In general I have never had any WDDM related issues with the GTX line when compared to Tesla(TCC)., at least none which have made a significant difference. I work with both of them on a daily basis.

Was this an issue mainly with the older GPUs and older versions of CUDA?

The issue doesn’t repro for me (Windows 7, latest drivers). It may be specific to the original posters environment. I doubt it is GPU specific, but there is no way of knowing for sure without trying.

Generally speaking, the CUDA driver has been optimized in recent years to reduce various overheads. There was a note regarding specific improvements in the CUDA 6.5 time frame: either in the release notes, the performance brief, or Mark Harris’s blog post. Despite these improvements, some basic overhead issues and performance artifacts due to launch batching under WDDM still seem to exist (e.g. launch times for an individual kernel still seems to vary fairly widely, say between 5 to 25 usec) while there is almost no variation seen on Linux.

[Later:]
As far as CUDA 6.5 soecific launch overhead reduction goes, I was apparently thinking of the MPS improvements documented in the performance brief (obviously unrelated to WDDM):
[url]http://developer.download.nvidia.com/compute/cuda/6_5/rel/docs/CUDA_6.5_Performance_Report.pdf[/url]

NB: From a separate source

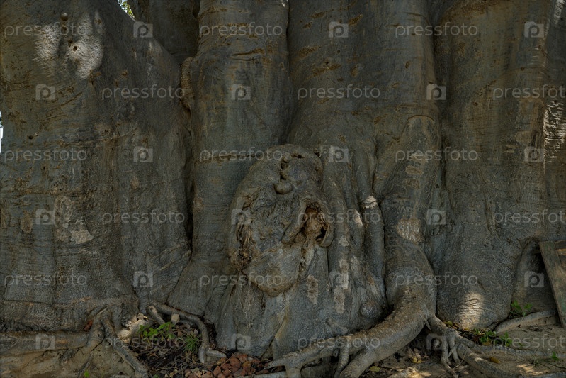 Западная Африка. Сенегал. Священный баобаб лицевой - один из старейших баобабов, которому, по разным оценкам, около 850 лет. Внутри дерева находится большая емкость, в которой живут летучие мыши

Surprisingly enough, when I run the code through the Nvidia Profiler, I get following times:

And a subsequent run with Visual Studio produces nearly the same results:

But as soon as I close the profiler and Visual Studio and then start it again, it produces the results from original post.

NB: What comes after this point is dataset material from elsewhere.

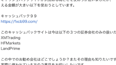 FX キャッシュバック99(https://fxcb99.com/)、XMTrading、HFMarkets、LandPrimeの気になる口コミ 気になるネット上の口コミ(ヤフー知恵袋)海外のFX証券会社について質問です。私は海外の証券会社は使った事がありません。最近になってキャッシュバックサイトを通して海外FX口座を開設すれば、その口座で取引した分のキャッシュバックが貰えるという事... 2025.10.03 FX
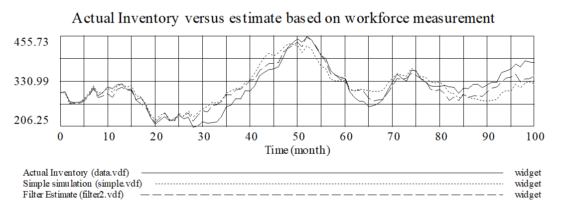 The use of filtering provides better estimates of the amount of inventory by combining the information in the model (that predicts what a value will be) with the information in the measurements (data collected from the system). This is true for measured variables, and it is also true for unmeasured variables. For example, suppose that we had measurements for Workforce but not for Inventory. It is still possible to make estimates of the value of Inventory using this data. If you create the file wfkal2.vpd containing:

This granularity you are showing now is due to ordinary timing granularity of the clock() function:

https://randomascii.wordpress.com/2013/07/08/windows-timer-resolution-megawatts-wasted/

This can be overridden in any app using a function such as timeBeginPeriod().

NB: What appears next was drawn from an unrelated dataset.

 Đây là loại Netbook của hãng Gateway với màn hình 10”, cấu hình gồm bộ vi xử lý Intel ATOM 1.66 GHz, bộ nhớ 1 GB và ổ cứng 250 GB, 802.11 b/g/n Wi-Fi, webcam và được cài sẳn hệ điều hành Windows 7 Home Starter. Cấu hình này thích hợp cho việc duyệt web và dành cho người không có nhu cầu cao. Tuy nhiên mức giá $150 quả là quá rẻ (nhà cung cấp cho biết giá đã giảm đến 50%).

Windows will use the minimum period requested (as low as 1ms) by any currently running app.

I’m not sure why you got 1ms resolution prior to this - it may have something to do with your project setup. I’m also not sure why CudaaduC got 1ms resolution either. But I’m not a windows expert.

My guess is that in your current run, however, the lead-in variability is gone.

In retrospect, 30+ms variation is probably far too high to attribute to WDDM issues, so I withdraw that comment I made. I have no idea what the source of that variation is. It doesn’t seem to be repeatable by anyone.

When I run your code on a very old windows platform (Vista 32bit, CUDA 4.0, GF8800M GTX, Dell XPS M1730 laptop) I get:

Run 0 took 309 ms.
Run 1 took 303 ms.
Run 2 took 312 ms.
Run 3 took 304 ms.
Run 4 took 312 ms.
Run 5 took 308 ms.
Run 6 took 308 ms.
Run 7 took 309 ms.
Run 8 took 309 ms.
Run 9 took 308 ms.
Run 10 took 307 ms.
Run 11 took 314 ms.
Run 12 took 312 ms.
Run 13 took 302 ms.
Run 14 took 307 ms.
Run 15 took 302 ms.
Run 16 took 311 ms.
Run 17 took 304 ms.
Run 18 took 310 ms.
Run 19 took 309 ms.
Fastest time: 302
Final results:
0.1982
1.8115
2.4738
3.1162
4.4517
5.3983
6.4263
7.3513
8.9489
9.7961

I think I win the prize for the slowest GPU here.